== Segment start ==

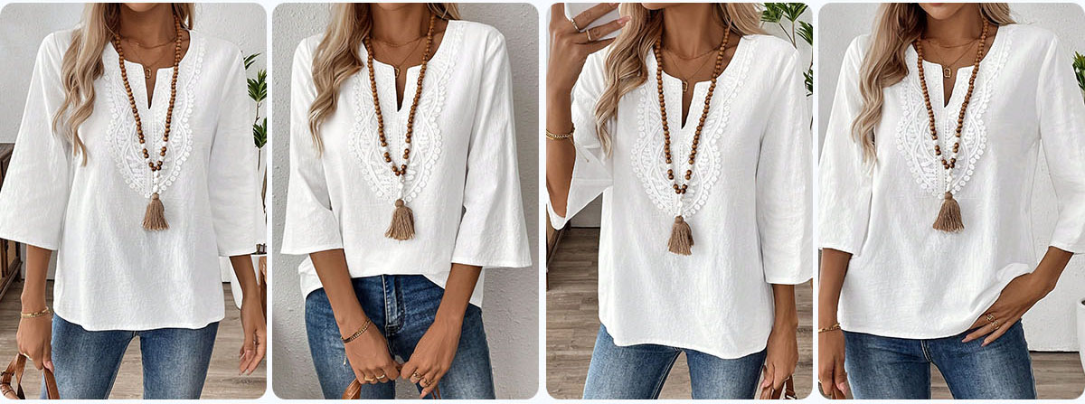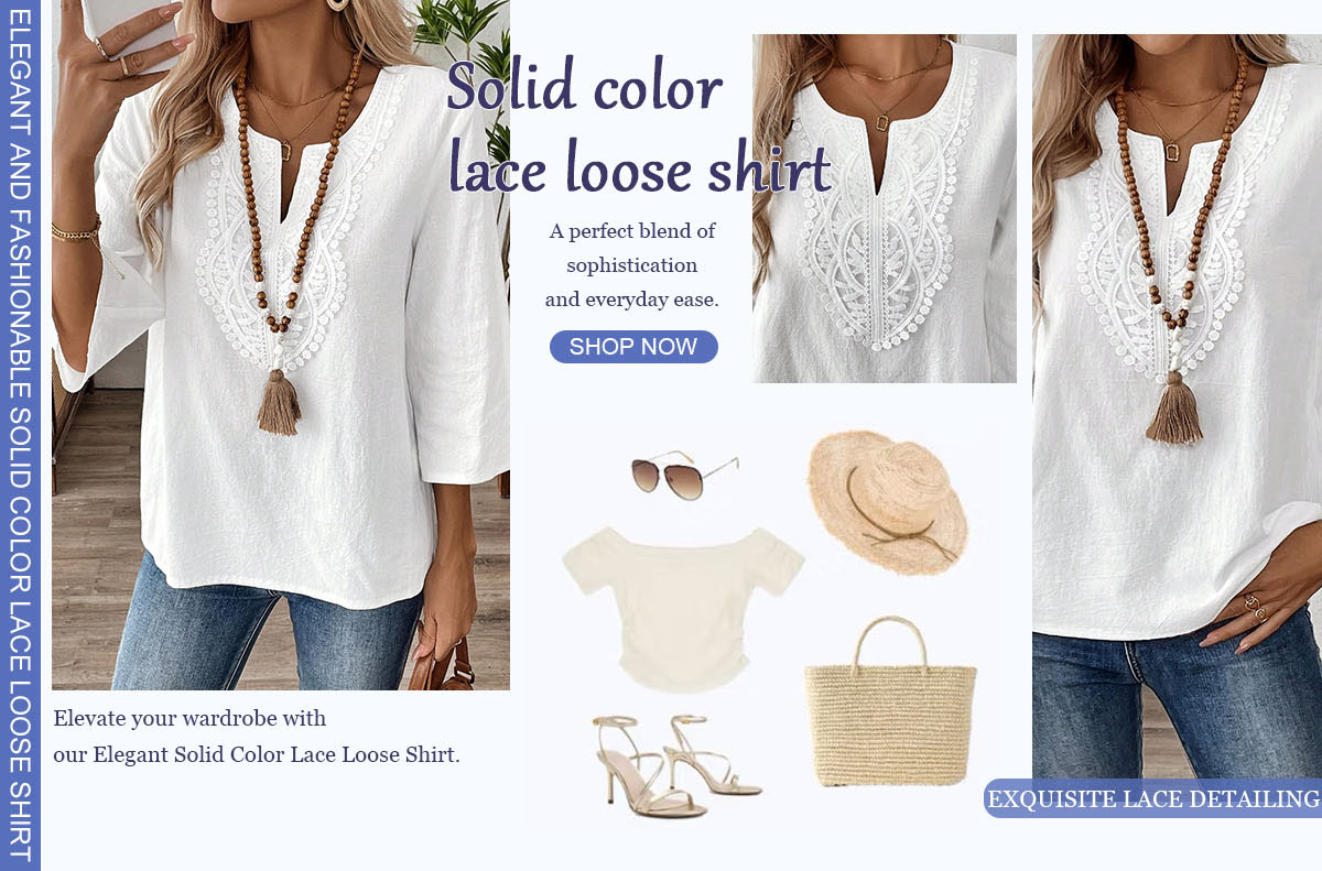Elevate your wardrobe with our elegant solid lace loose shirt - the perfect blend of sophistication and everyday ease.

== Segment end ==
== Segment start ==

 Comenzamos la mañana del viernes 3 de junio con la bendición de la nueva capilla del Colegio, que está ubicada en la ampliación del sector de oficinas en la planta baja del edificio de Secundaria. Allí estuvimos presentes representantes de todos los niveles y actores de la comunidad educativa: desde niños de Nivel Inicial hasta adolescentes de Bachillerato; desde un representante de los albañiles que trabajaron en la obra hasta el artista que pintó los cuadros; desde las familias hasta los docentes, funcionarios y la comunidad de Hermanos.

== Segment end ==
== Segment start ==

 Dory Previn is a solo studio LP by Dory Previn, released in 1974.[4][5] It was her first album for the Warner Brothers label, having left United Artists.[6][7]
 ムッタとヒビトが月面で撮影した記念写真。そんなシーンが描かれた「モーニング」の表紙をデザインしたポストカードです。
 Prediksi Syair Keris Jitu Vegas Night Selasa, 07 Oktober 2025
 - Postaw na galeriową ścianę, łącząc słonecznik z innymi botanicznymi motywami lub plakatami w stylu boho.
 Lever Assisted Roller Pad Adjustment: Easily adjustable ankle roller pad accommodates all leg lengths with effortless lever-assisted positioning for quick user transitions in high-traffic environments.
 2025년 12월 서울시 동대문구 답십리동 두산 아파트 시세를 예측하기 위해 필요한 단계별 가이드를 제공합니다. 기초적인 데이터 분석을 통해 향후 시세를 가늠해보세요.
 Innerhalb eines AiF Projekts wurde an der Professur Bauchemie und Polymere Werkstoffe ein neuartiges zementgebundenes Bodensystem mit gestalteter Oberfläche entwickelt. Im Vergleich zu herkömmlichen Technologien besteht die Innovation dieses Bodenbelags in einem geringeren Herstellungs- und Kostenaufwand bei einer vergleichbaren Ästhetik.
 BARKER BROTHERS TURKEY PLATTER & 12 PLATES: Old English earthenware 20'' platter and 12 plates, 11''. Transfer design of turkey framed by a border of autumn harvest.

== Segment end ==

* [Problem description]: Nothing but the lines above from the one containing "- Postaw na" through the one containing "BARKER BROTHERS TURKEY" should appear in the answer, each repeated exactly.

* [Output below]:
 - Postaw na galeriową ścianę, łącząc słonecznik z innymi botanicznymi motywami lub plakatami w stylu boho.
 Lever Assisted Roller Pad Adjustment: Easily adjustable ankle roller pad accommodates all leg lengths with effortless lever-assisted positioning for quick user transitions in high-traffic environments.
 2025년 12월 서울시 동대문구 답십리동 두산 아파트 시세를 예측하기 위해 필요한 단계별 가이드를 제공합니다. 기초적인 데이터 분석을 통해 향후 시세를 가늠해보세요.
 Innerhalb eines AiF Projekts wurde an der Professur Bauchemie und Polymere Werkstoffe ein neuartiges zementgebundenes Bodensystem mit gestalteter Oberfläche entwickelt. Im Vergleich zu herkömmlichen Technologien besteht die Innovation dieses Bodenbelags in einem geringeren Herstellungs- und Kostenaufwand bei einer vergleichbaren Ästhetik.
 BARKER BROTHERS TURKEY PLATTER & 12 PLATES: Old English earthenware 20'' platter and 12 plates, 11''. Transfer design of turkey framed by a border of autumn harvest.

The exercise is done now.